ASSIGNMENT: Exclude the pictures, then copy word for word the lines running from the beginning of the records through the line with "高三英语--云南省德宏州2023届高三上学期期末考试".

◇ ◇ ◇ ◇

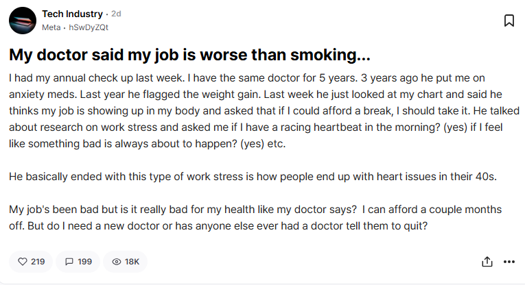 'ജോലി സമ്മർദ്ദം പുകവലിയെക്കാൾ മോശമാണ്' എന്ന് ഡോക്ടർ മുന്നറിയിപ്പ് നൽകിയതിനെ കുറിച്ച് ഒരു യുവാവ് ഷെയർ ചെയ്ത പോസ്റ്റാണ് ഇപ്പോൾ ശ്രദ്ധിക്കപ്പെടുന്നത്. ജോലിയിൽ നിന്നും ഒരു ഇടവേള എടുക്കാൻ തന്നോട് ഡോക്ടർ ആവശ്യപ്പെട്ടതായും ടെക്കിയായ യുവാവ് പറയുന്നു. ജോലിസ്ഥലത്തെ കാര്യങ്ങളെ കുറിച്ച് ചർച്ച ചെയ്യുന്ന ആപ്പായ Blind -ലാണ് പോസ്റ്റ് പ്രത്യക്ഷപ്പെട്ടിരിക്കുന്നത്. അഞ്ച് വർഷമായി താൻ സന്ദർശിക്കുന്ന ഡോക്ടറാണ് ഇക്കാര്യം പറഞ്ഞിരിക്കുന്നത്. താൻ എന്താണ് ചെയ്യേണ്ടത്? ജോലി ഒഴിവാക്കണോ അതോ ഡോക്ടറെ മാറ്റണോ എന്നതാണ് യുവാവിന്റെ സംശയം.
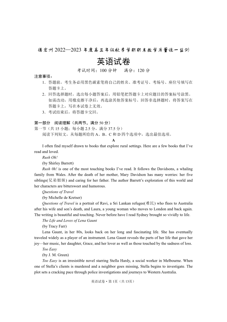 高三英语--云南省德宏州2023届高三上学期期末考试
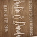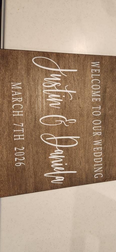 Please keep in mind that stain appearance can vary based on wood grain and saturation for each individual piece. Photos may show different variations of a stain color due to this and other factors such as lighting, where the picture was taken, etc. Please refer to the stain sample in each listing picture for the most accurate stain color. We DO NOT fully stain the back of any sign the way that the full front is stained to keep costs down and a lighter coat is applied to the back as most signs are generally used on an easel, against something that doesn’t show the back, or decorated with flowers or leaves. If you wish to have the back completely finished with stain the same as the front, please message us prior to ordering for pricing.
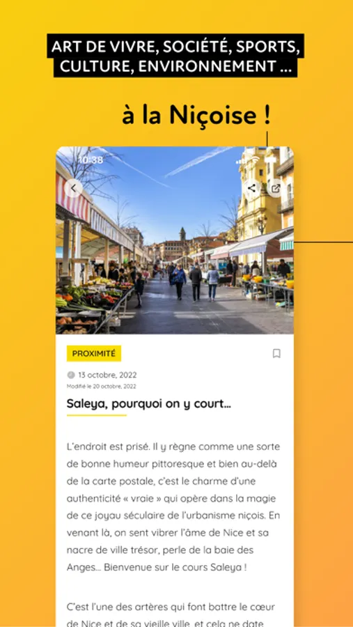 Une application pour vous informer et connaitre l’actu de Nice en continu : société, sports, environnement, culture et art de vivre à la Niçoise.
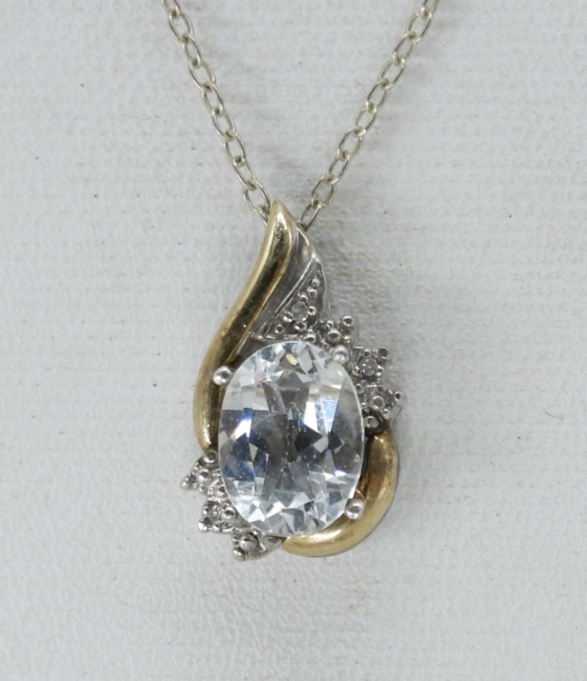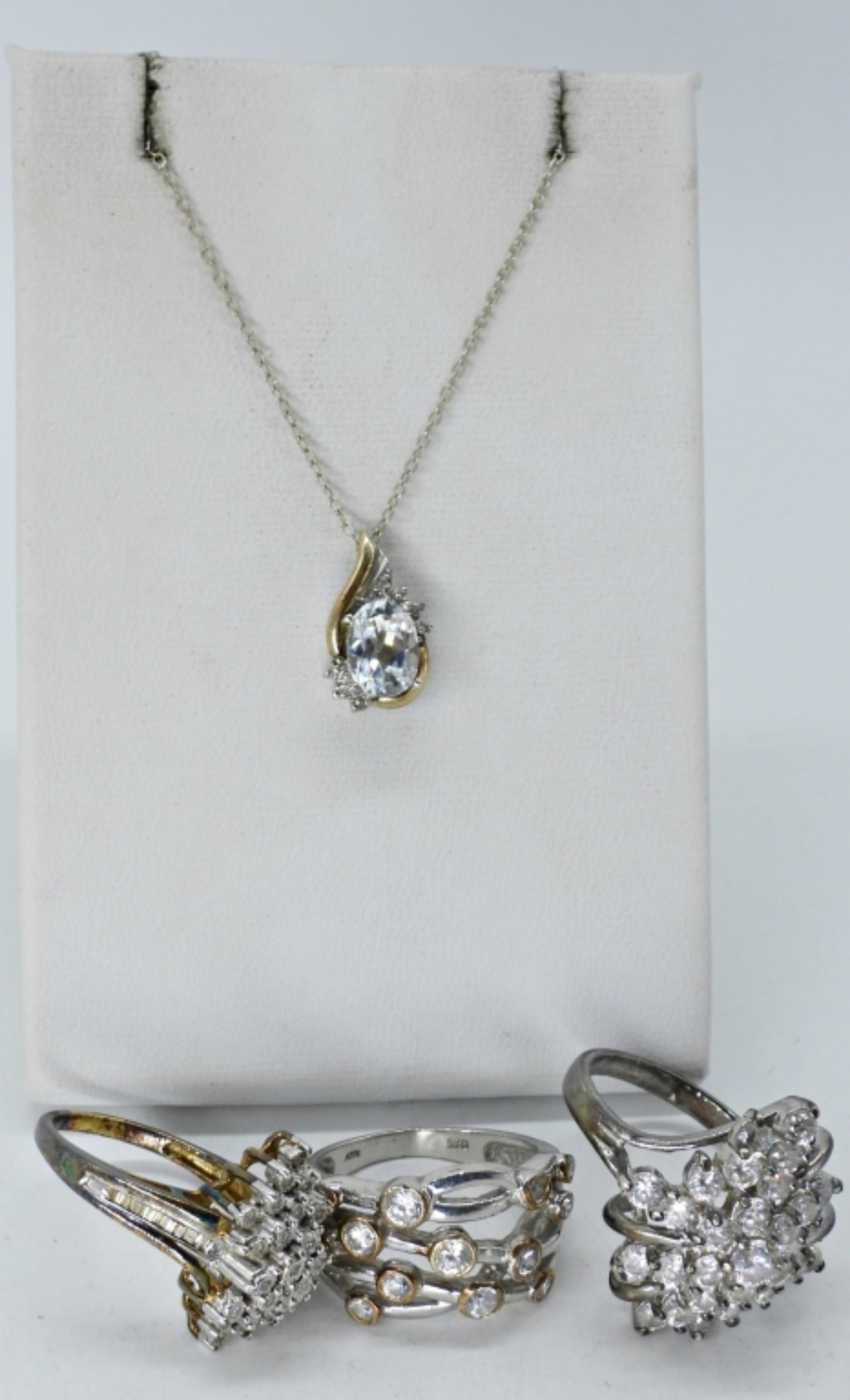 ONE BEAUTIFUL NECKLACE, STERLING WITH 10KG ACCENTS 16″ CHAIN. THREE STERLING, SIMULATED DIAMOND RINGS, SIZES 7 & 8. (11.5 DWT)

◇ ◇ ◇ ◇

FINAL ANSWER:
 'ജോലി സമ്മർദ്ദം പുകവലിയെക്കാൾ മോശമാണ്' എന്ന് ഡോക്ടർ മുന്നറിയിപ്പ് നൽകിയതിനെ കുറിച്ച് ഒരു യുവാവ് ഷെയർ ചെയ്ത പോസ്റ്റാണ് ഇപ്പോൾ ശ്രദ്ധിക്കപ്പെടുന്നത്. ജോലിയിൽ നിന്നും ഒരു ഇടവേള എടുക്കാൻ തന്നോട് ഡോക്ടർ ആവശ്യപ്പെട്ടതായും ടെക്കിയായ യുവാവ് പറയുന്നു. ജോലിസ്ഥലത്തെ കാര്യങ്ങളെ കുറിച്ച് ചർച്ച ചെയ്യുന്ന ആപ്പായ Blind -ലാണ് പോസ്റ്റ് പ്രത്യക്ഷപ്പെട്ടിരിക്കുന്നത്. അഞ്ച് വർഷമായി താൻ സന്ദർശിക്കുന്ന ഡോക്ടറാണ് ഇക്കാര്യം പറഞ്ഞിരിക്കുന്നത്. താൻ എന്താണ് ചെയ്യേണ്ടത്? ജോലി ഒഴിവാക്കണോ അതോ ഡോക്ടറെ മാറ്റണോ എന്നതാണ് യുവാവിന്റെ സംശയം.
 高三英语--云南省德宏州2023届高三上学期期末考试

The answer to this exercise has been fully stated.